Yes to Housing in God’s Backyard

by Mayor Eric Adams

Mayor Eric Adams announced additional details to help faith-based organizations build critically needed affordable housing during a visit to the Antioch Baptist Church to ministers at the church. Photo by Ed Reed/Mayoral Photography Office.

When we came into office, we had a clear mission: protect public safety, rebuild our economy as quickly as possible, and make our city more livable for New Yorkers. The key to livability is affordable housing. It is the bedrock on which New Yorkers can build a family, a life, or continue living in the city they love. However, insufficient affordable housing is currently available to meet our city’s needs.

The New York City Department of Housing Preservation and Development’s 2023 Housing and Vacancy Survey showed that our city has a vacancy rate of 1.4 percent, the lowest this measurement has been since 1968. Building more housing is the only way to increase rental availability and lower prices. To build more affordable housing, we must think creatively and bring every partner to the table. No partner has been more willing to answer the call than our faith-based organizations. They have been on the frontline of every crisis — from the COVID-19 pandemic to the asylum seeker crisis. Houses of worship have always opened their doors to those most in need. Now, they want to lend a helping hand in creating critically needed affordable housing. However, because of outdated and antiquated zoning laws that go back generations, houses of worship have been told ‘no.’ But those days are over.

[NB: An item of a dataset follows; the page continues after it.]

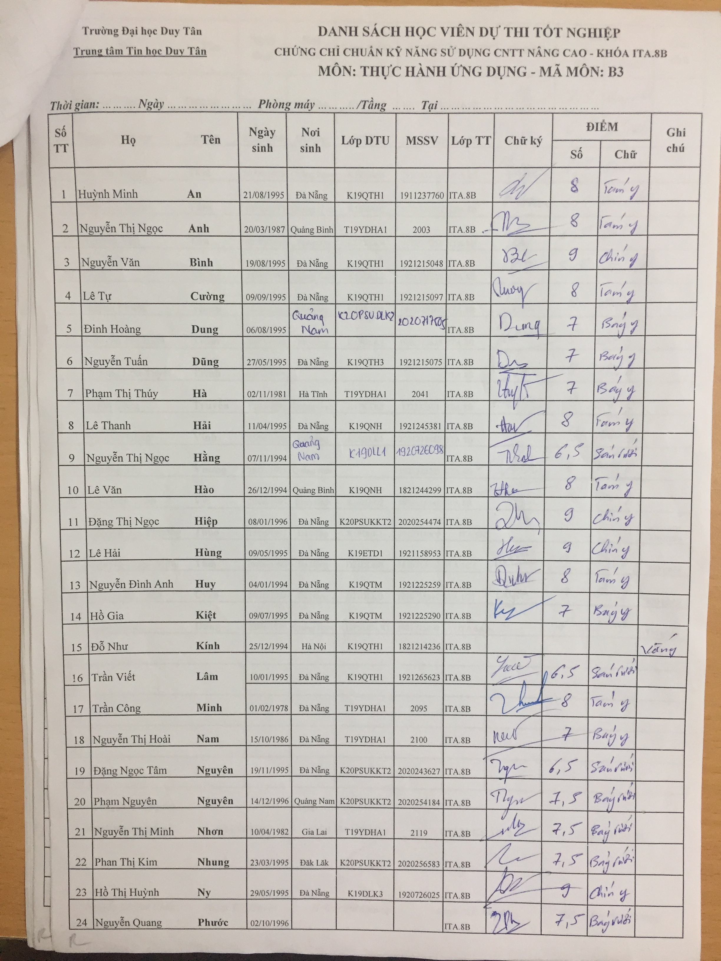 Điểm sát hạch Chứng chỉ Ứng dụng CNTT Nâng cao suất 15h00 ngày 25/01/2026

Our city must stop saying ‘no’ and instead say ‘yes’: ‘yes’ to housing in God’s backyard. Under our ‘City of Yes’ plan — the most pro-housing plan in our city’s history — we use every tool at our disposal to build more housing in every neighborhood, including doing away with outdated zoning rules that prevent us from developing the housing we desperately need. This means giving our houses of worship the flexibility to build homes on their campuses, permitting the creation of much-needed three-to-five-story buildings on large lots owned by faith-based organizations, and allowing landmarked houses of worship to permit unused land on their sites to be used for development.

These changes to our zoning rules will help faith-based groups generate revenue, add more affordable housing across the five boroughs, and develop new resources and facilities for congregations when some are struggling to make ends meet. The changes will support everyday New Yorkers who need affordable homes and our communities of faith. This April, our ‘City of Yes for Housing Opportunity’ plan will enter a public review, and the City Council will vote on it by the end of the year.

“Our city must stop saying ‘no’ and instead say ‘yes’: ‘yes’ to housing in God’s backyard. Under our ‘City of Yes’ plan — the most pro-housing plan in our city’s history — we use every tool at our disposal to build more housing in every neighborhood, including doing away with outdated zoning rules that prevent us from developing the housing we desperately need.”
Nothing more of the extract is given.